Their n=80 and n=20/20 in Figs 1–3 violates common standards, as it does not count the number of subjects as usual but that of individual measurements. The total size of their eight groups, summer-winter, male-female, and field-no field was two calves each.

Like psychologists often do, they show the standard errors. The SE is appropriate for one value imprecisely measured many times, but not, as in this case, for many separate values with a genuine inherent scatter, each one measured precisely. For that the standard deviation alone is relevant and that is nine times the length of the error bars shown in figs 1–2 and 4.5 times that of figure 3. So their effect, even if real, is totally lost in the natural variability.

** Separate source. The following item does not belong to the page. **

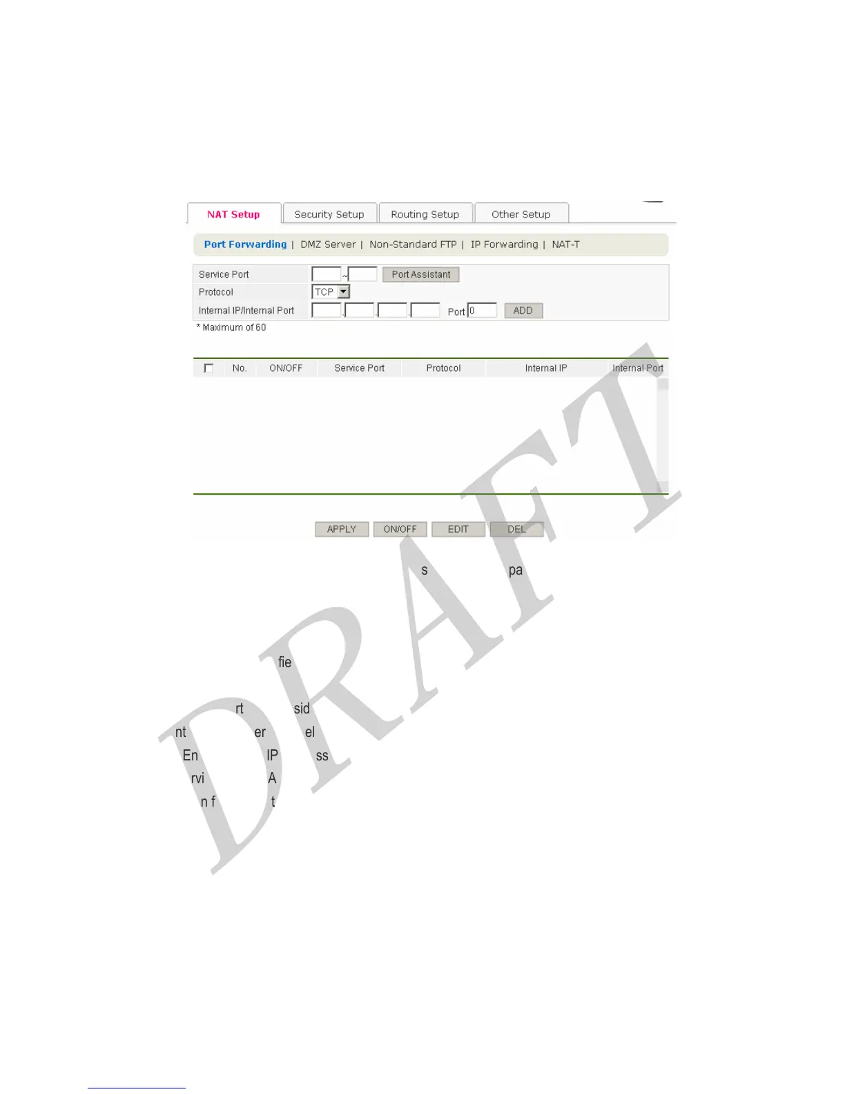 ● Port : Enter service port of LAN side.

The wide range of that scatter is shown in figure 4. Contrary to their regression I can see no trend here whatever, but rather two distinct groups with less than and over 30 days of age. Reading their methods and that the stabling and experiment began at 31 days of age this looks plausible.

Looking closely at figure 6b it seems the groups are systematically ordered relative to the front of the building. They will have received systematically different levels of light and audible transformer hum. Humans and food will have come to them in an invariant order and so will the taking of samples at two in the morning.

This ordered arrangement may well explain why the male-female difference was far greater than either the summer-winter or the field-no field one. You don’t normally expect large hormonal differences in immature animals.

In all it’s another completely meaningless non-result reminding us of the hoaxes sometimes played on journal editors. A good friend of mine picked it up, because it had already found its way into the sensationalist yellow press.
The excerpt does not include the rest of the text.